In the rust red landscape, both striking and harsh, and against the backdrop of World Wars and a changing Australia, Matilda is torn between her desire for freedom and allegiance to her growing family. With their never-ending demands, and crises of poverty, drought and illness, what Matilda really wants seems further from her reach. Will she ever see the sea? Have a vocation and earn her own money? Have the time to read?
This sweeping novel brings to life the injustices faced by women in the 1800s and 1900s. Punctuated with betrayal and loyalty, hope and despair, love and loss, Matilda and her family come alive showing how the grip of patriarchy tried to strangle the ambitions of women, but there were women who refused to give up.
About The Author
Robyn Bishop is a Melbourne-based author and playwright. Her love for theatre led her to study Drama at Rusden State College.

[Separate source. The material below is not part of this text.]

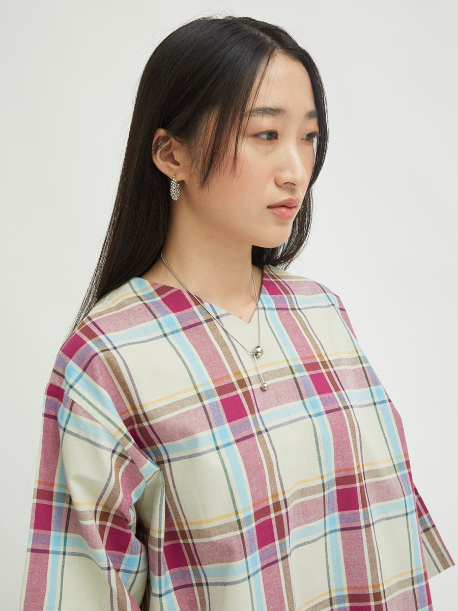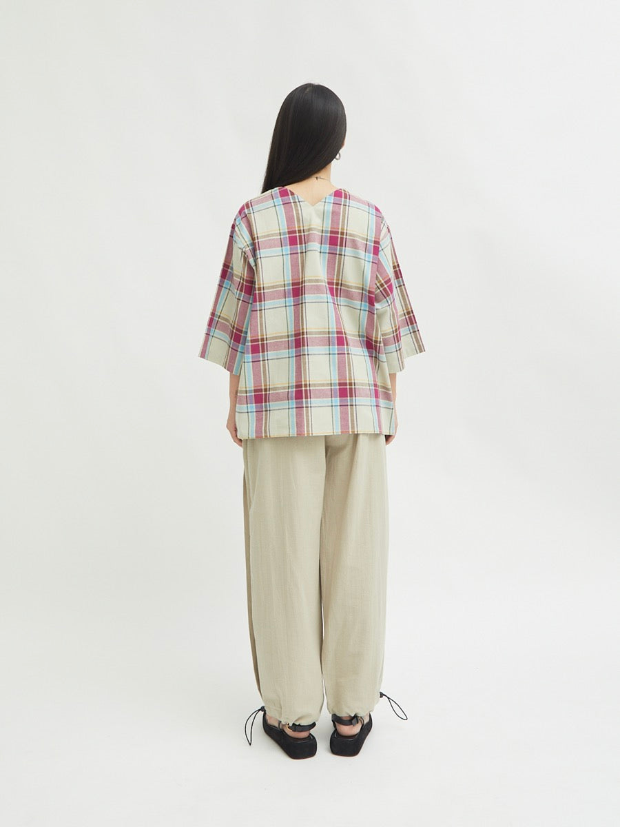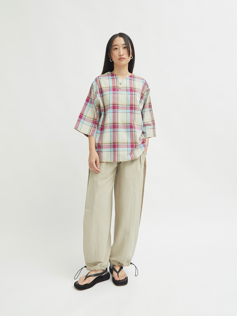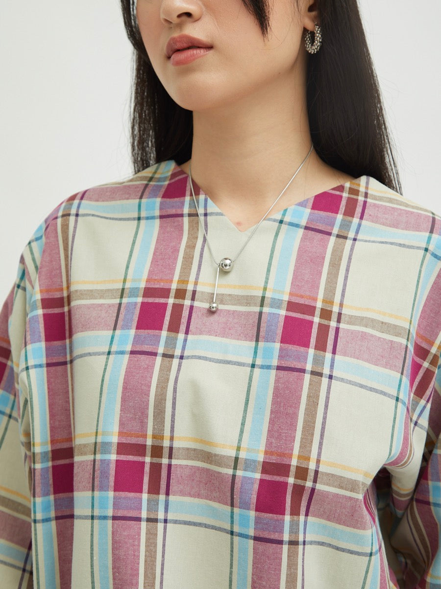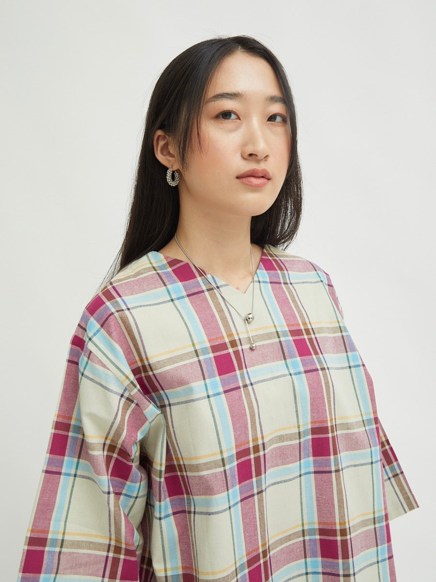 Atasan wanita ini didesain kerah v-neck dan cuttingan boxy. Atasan ini dapat dipakai bolak balik sehingga memberikan kesan yang elegan. Satu sisi terdapat full kancing dan satu sisi lain polos. Cocok untuk dipakai acara formal maupun non formal.

On completion of her teaching degree, she was employed as a member of the Bouverie St theatre-in-education team before working as a drama teacher at Strathmore Secondary College for more than two decades.
During this time, she devised countless performances with students and also wrote three of her own plays, inspired by women’s stories, that were performed at The Carlton Courthouse under the umbrella of La Mama. Only the End was published by Currency Press in 2005 and The Show Must Go On was published by the Australian Script Centre in 2020.
Her short story, ‘The Lonely Road’, appeared in the Spinifex Press anthology of feminist fiction and poetry, It’s All Connected, in 2022. Her novel The Girl in the Bath, inspired by a painting Robyn saw while attending the Melbourne Writers Festival, was published in 2014. The Rust Red Land is her second novel and is based on the life of her grandmother.